Extending to Video Captioning

We can take the original architecture, and swap out the video encoder for V-JEPA 2’s encoder. Now we have this: Blip2 Vanilla You can find a full implementation here. For the data, I went with Something-Something v2, and supplemented the training data with: some additional captions that I synthetically generated so that it behaved more like a video captioning dataset and less like an action recognition dataset. It’s still not much data, but it’s enough to prove a point.

There are a few details that are different from BLIP-2’s, most of which are imposed by the fact that I don’t have a ton of compute readily available right now:

Since we’re dealing with video, we have to decide how many frames we want to deal with. V-JEPA 2 can handle up to 64 frames. I decided on 32 frames, which results in an output sequence length of 4096. This is a pretty sane decision since our dataset spans 2-6 second clips, and uniformly sampling 32 frames of a 6-second clip is still ~5 frames per second, which is plenty.
I pre-compute V-JEPA 2 features and save them, then train on top of these features, so that I don’t have to deal with another model loaded on my GPU during training and so that I don’t have to wait for features to be computed at runtime. Ideally we wouldn’t do this, because we could augment the input videos during training, but I’m compute-poor right now.
We learn 64 queries instead of the original 32. The additional queries come from the fact that we’re handling longer sequence lengths. Ideally we’d learn more queries, because 4096 -> 64 is very aggressive compression, more than than 5-10% rule of thumb that VideoMAE’s paper suggests.
If you’re using a relatively small dataset like I am, you can get away with a very small Q-Former, much smaller than they use in the paper. Ideally we’d have at least 10x the data that we do, and scale the Q-Former accordingly

You’ll find more details in the README in the github repo, with instructions on how to get started. End to end, you can get these results in <24 hours (6-8 hours of preprocessing V-JEPA 2’s features, 10-12 hours of training on my 4070)

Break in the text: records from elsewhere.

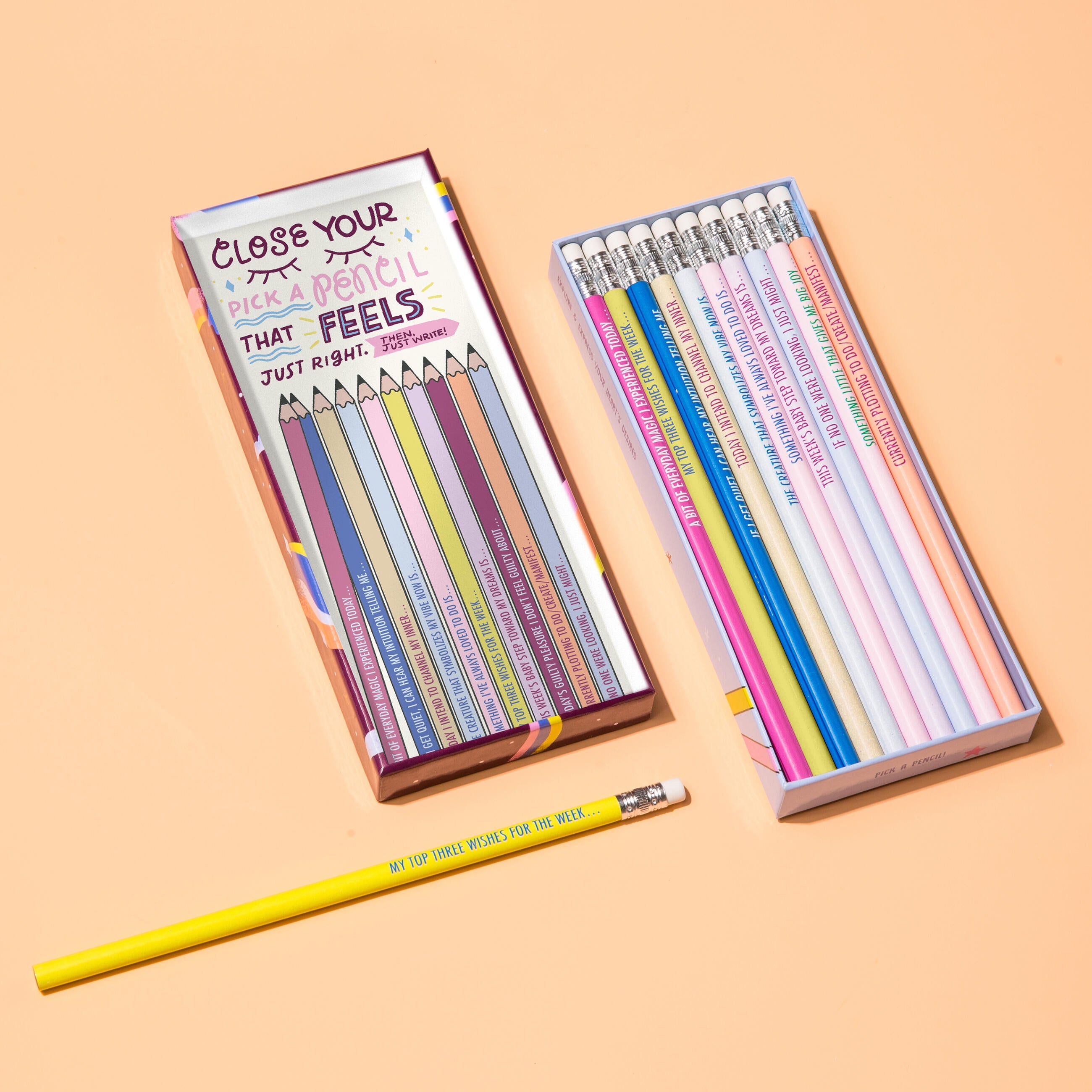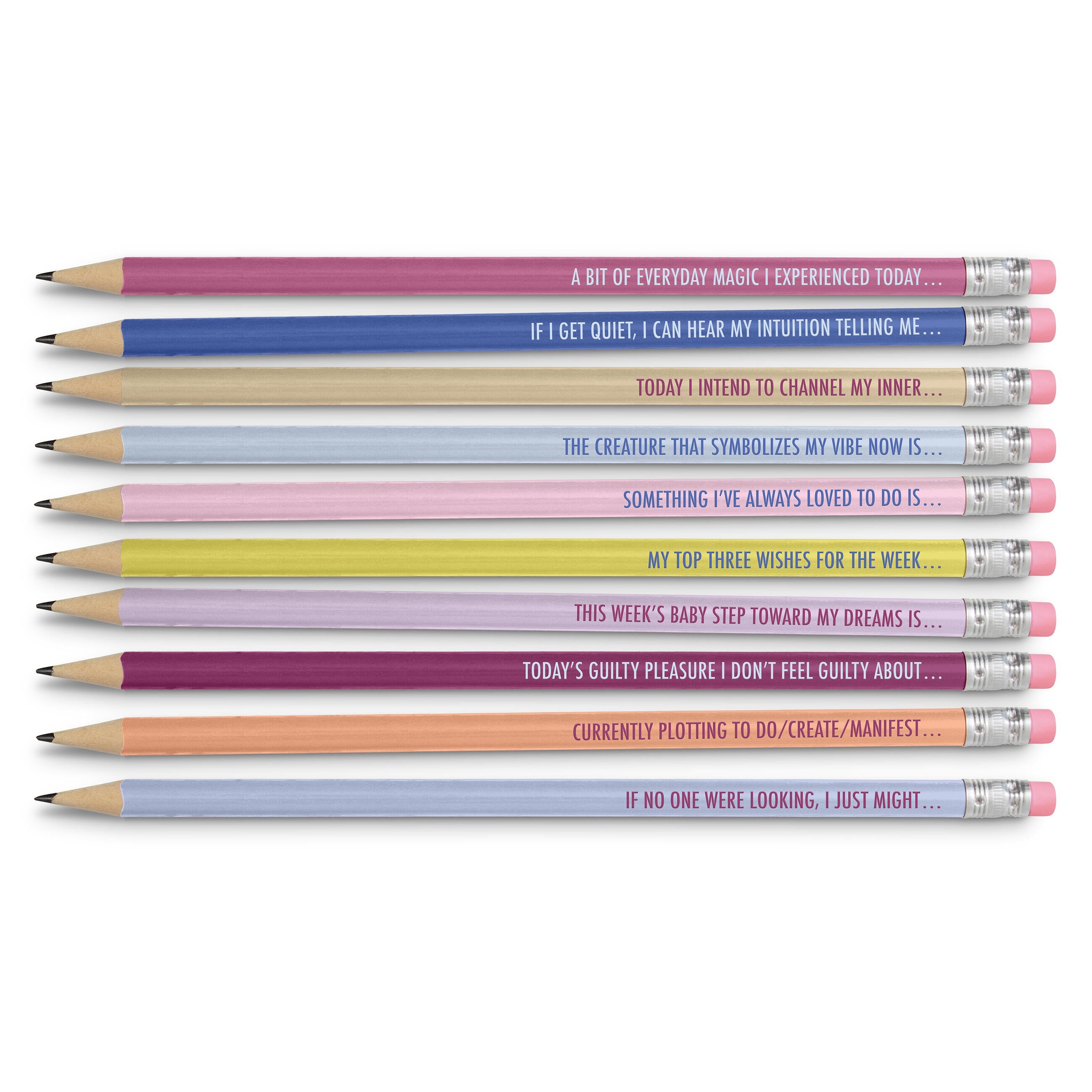 Close your eyes. Pick the pencil that feels just right. Then… just write. With these cool pencils, you’ll never be at a loss for what to journal about again. We’ve created something we think is truly unique, and our intuition tells us your intuition will agree.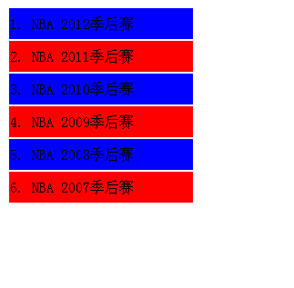 看到这个就想起英文单词里的,fourth, fifth, sixth……,nth表示第n个,:nth-child就表示第n个child元素。要注意的是,这儿的n不像eq(x)、gt(x)或lt(x)是从 0开始的,它是从1开始的,英文里好像也没有zeroth这样的序号词吧。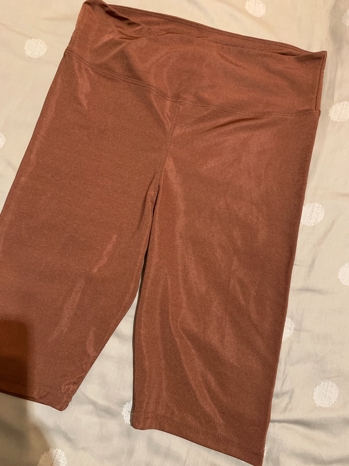 Krátke lesklé legíny, veľmi dobrý stav bez poškodení. Veľkosť uvedená XXL, ale sú menšie...doporučujem na L.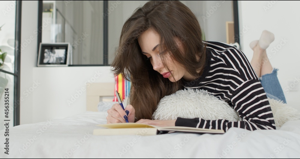 Portrait of a young happy woman making notes in notepad while lying on the bed at home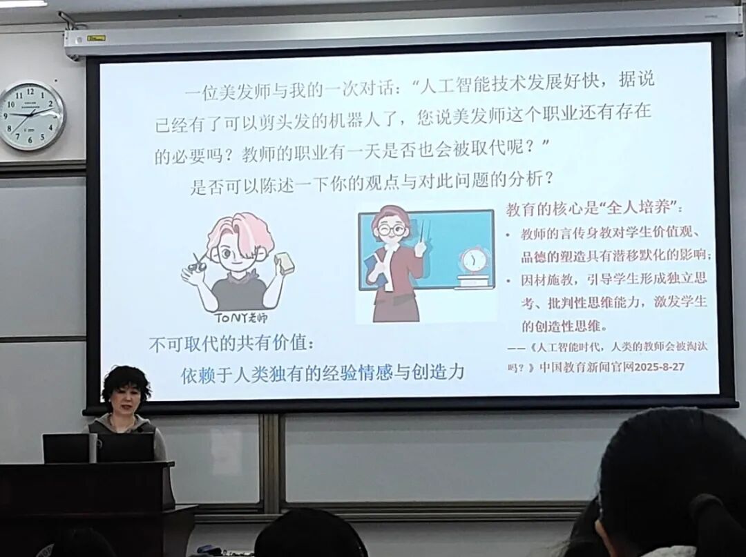 讲座指出,教师的核心价值不仅在于知识的传授,更在于“育人”。在AI能够高效处理知识和技能的今天,教师传递的不仅是知识,更是价值观、人生观和世界观。教师通过言传身教,潜移默化地影响学生的品德与信念,这是机器无法替代的“人师”境界。引导学生形成批判性思维、独立思考能力与创新精神,是教育更深层的目标。

Some Additional Things to Try

I’m really curious about what the output embeddings from the Q-Former can be used for. Since they’re essentially compressed features, is it more practical to use them for embedding-related tasks than the output features of V-JEPA 2 directly? For example:

Can we average across the 64-length sequence to produce one embedding? Can this embedding be used for tasks like clustering or similarity search?
Could we chunk a longer video into k-clips, each <=6 seconds, as a way of comparing two movies for example, to see which scenes match with others?
Do the video embeddings start to look like text embeddings? For example, if we have a video of “a person jumping over a fence”, would we notice that some of the 64 video embeddings that we produce look like the text embeddings for that sentence?

Conclusion

This experiment demonstrates that it’s possible to achieve compelling results in video captioning without extensive computational resources. By standing on the shoulders of giants and cleverly combining pre-trained models like V-JEPA 2 and the architectural principles of BLIP-2, we can create effective and efficient models. The results are promising, and the “Additional Things to Try” section opens up exciting avenues for future research.